#### HOW TO COMPLETE THIS TASK:
Reprint the lines below as they are, minus the pictures.

___ MATERIALS PROVIDED

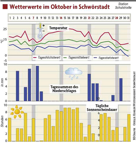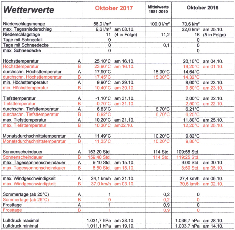 Nachdem wir dieses Jahr auf den „Altweibersommer“ verzichten mussten, bekamen wir dafür einen „Goldenen Oktober“. Gegenüber der Norm von 1981 bis 2010 war der mittlere Herbstmonat 1,3°C zu warm, 42 l/m² zu trocken und die Sonne zeigte sich 45:40 Stunden über dem langjährigen Oktobermittel.
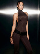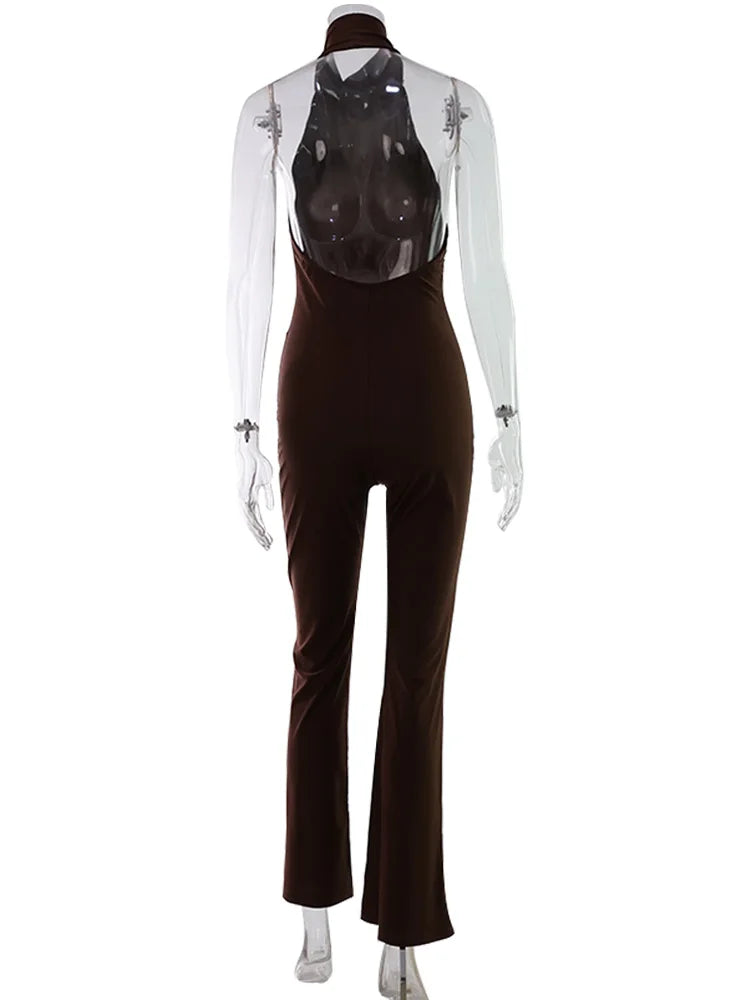 Make a fearless entrance in this backless jumpsuit that celebrates your confidence. The sleek polyester and elastane fabric hugs your silhouette while offering comfortable stretch for all-night wear. With its daring open-back design, this piece strips away pretense and embraces pure allure. Ideal for those moments when you want to turn every head in the room and leave a lasting impression.
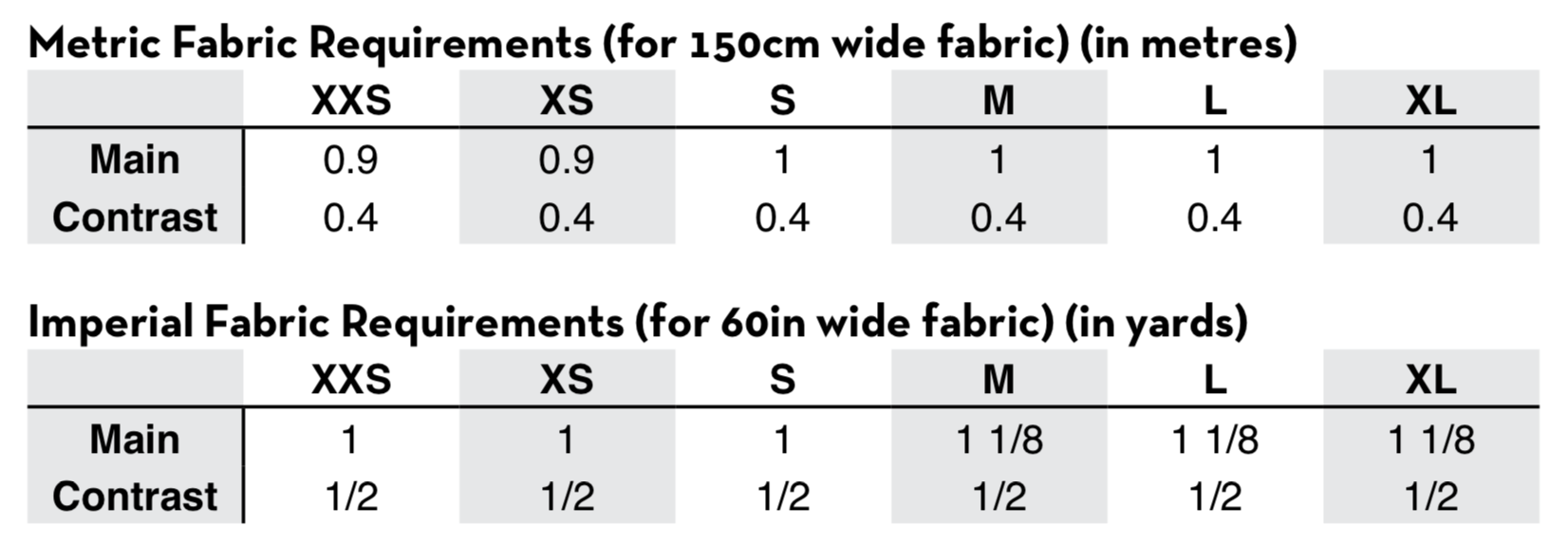 - Less than 0.5m (<1/2yd) contrast lycra jersey (if coordinating with the XYT Workout Top, 1m or 1yd of fabric is sufficient for the top and leggings contrasts!)
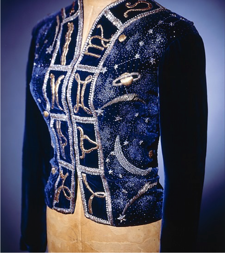 Créer un motif brodé ou imprimé inspiré de ton signe astrologique, à la manière des constellations dorées de Schiaparelli.
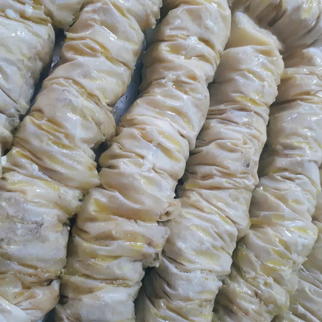 ❄Yufkamızı oklava yardımı ile saralım ve elimizle büzüştürelim.

______

#### OUTPUT FOR THIS EXERCISE:
 Nachdem wir dieses Jahr auf den „Altweibersommer“ verzichten mussten, bekamen wir dafür einen „Goldenen Oktober“. Gegenüber der Norm von 1981 bis 2010 war der mittlere Herbstmonat 1,3°C zu warm, 42 l/m² zu trocken und die Sonne zeigte sich 45:40 Stunden über dem langjährigen Oktobermittel.
 Make a fearless entrance in this backless jumpsuit that celebrates your confidence. The sleek polyester and elastane fabric hugs your silhouette while offering comfortable stretch for all-night wear. With its daring open-back design, this piece strips away pretense and embraces pure allure. Ideal for those moments when you want to turn every head in the room and leave a lasting impression.
 - Less than 0.5m (<1/2yd) contrast lycra jersey (if coordinating with the XYT Workout Top, 1m or 1yd of fabric is sufficient for the top and leggings contrasts!)
 Créer un motif brodé ou imprimé inspiré de ton signe astrologique, à la manière des constellations dorées de Schiaparelli.
 ❄Yufkamızı oklava yardımı ile saralım ve elimizle büzüştürelim.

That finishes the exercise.